Его рука наконец отпускает мое лицо, и я отворачиваю голову в сторону, не в силах смотреть ему в глаза. Хочу, чтобы он исчез. Чтобы всего этого не было между нами, но чуда не происходит.

Саян продолжает придавливать меня своим телом к постели, не давая сдвинуть бедра, лишь слегка приподнимается, позволяя мне сделать глубокий полноценный вдох.

– Что ты делаешь с нами, Саян? – шепчу я и зажмуриваюсь, не сумев удержать в себе слезы. Именно эта пауза ослабляет меня, выпускает наружу рваные ошметки чувств, от которых всё внутри болит, разрывается на части.

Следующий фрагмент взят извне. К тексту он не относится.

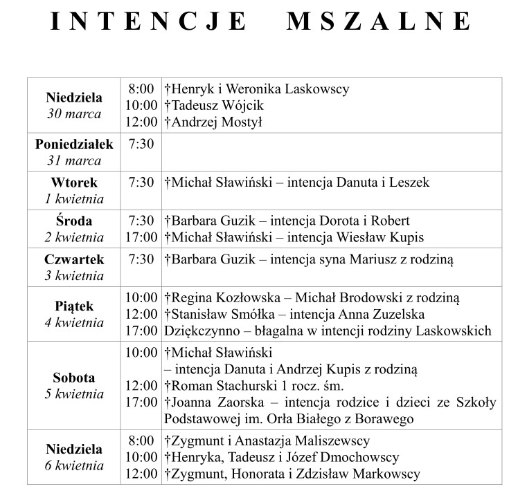 Ogłoszenia duszpasterskie 30 marca 2025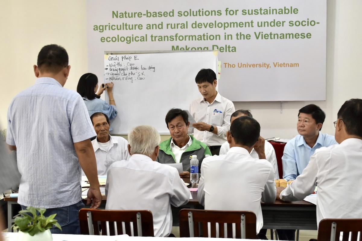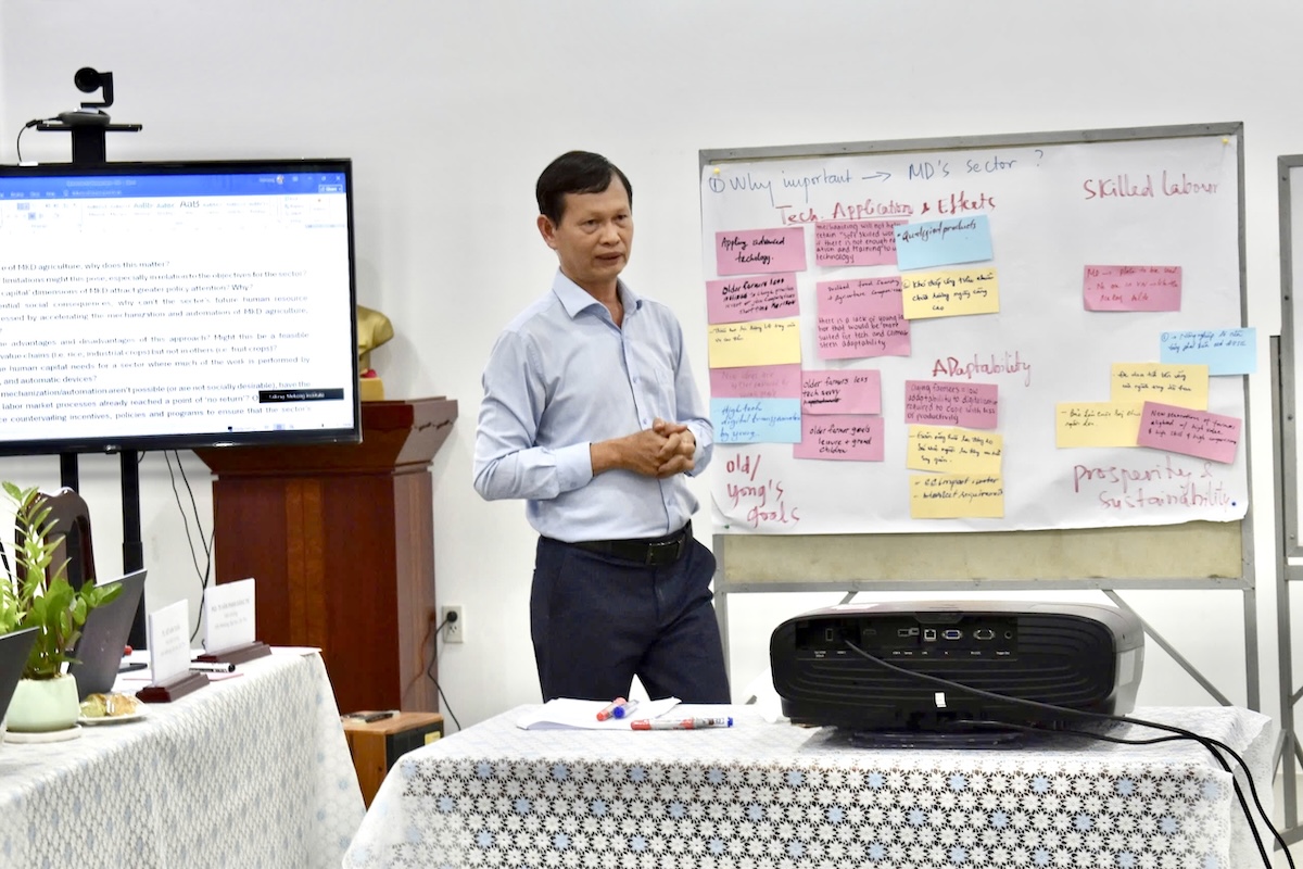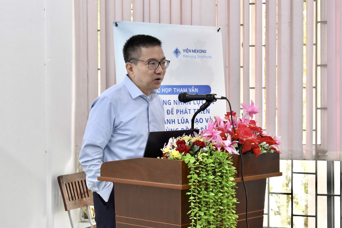 Overview of the current state and the need for agricultural transformation in the Mekong Delta: Objectives, methods, and expected outcomes of the workshop – presented by Dr. Dang Kieu Nhan, Mekong Institute, Can Tho University.

Тяжесть сверху пропадает, звучит натужное поскрипывание кровати, но я глаза не открываю, слышу только шаги Саяна, а затем страшной силы удар.

Заполошно подрываюсь, в ужасе глядя на зеркало над моим туалетным столиком, расколовшееся от его удара. Оно трескается, опадая осколками на пол, а я стою у кровати в ступоре, не помня даже, как встала и закуталась в покрывало.

Наши взгляды с Саяном встречаются в отражении разбитого зеркала, а я вдруг вспоминаю, что читала где-то, что смотреть в осколки это тоже самое, что смотреть на свою разбитую треснувшую душу.

Саян оборачивается, загораживая собой зеркало, и я опускаю взгляд на его сжатый кулак. С костяшек стекает кровь, и я прикусываю губу, не в силах сказать ни слова.

Мне впервые становится так страшно, что я теряю дар речи.

– Жду тебя внизу, – глухо говорит Саян, нарушая гулкую тишину, и, не проронив ни единого стона боли, выходит из спальни.

За ним капает дорожка крови, но он никак не реагирует, словно раны – последнее, что его волнует.

Пару минут я стою, не двигаясь с места, а затем медленно, огибая алые пятна на паркете, подхожу к шкафу. Адреналин спадает, и мои руки ослабевают, отпуская края покрывала. Оно падает мне под ноги, а сама я с трудом нахожу, что надеть.

Ни одна одежда вдруг не оказывается подходящей. То колени открывает, то грудь оголяет. А мне как никогда раньше хочется закутаться в закрытую одежду наподобие паранджи, чтобы Саян не смотрел на меня. Не хотел меня.

В груди ворочается отчаяние, и я шмыгаю, зло проводя ребром ладони по щекам. Хочется расплакаться, скрутившись на постели калачиком, но теперь я не могу даже смотреть на нашу кровать без содрогания. Как и на Саяна без животного страха, который течет по венам, циркулируя по кругу.

Та хрупкая ниточка, что еще сохранялась, окончательно рвется, и в моей душе образовывается пустота.

Замотавшись в свитер и спортивные, абсолютно неподходящие под верх штаны, я нехотя спускаюсь вниз.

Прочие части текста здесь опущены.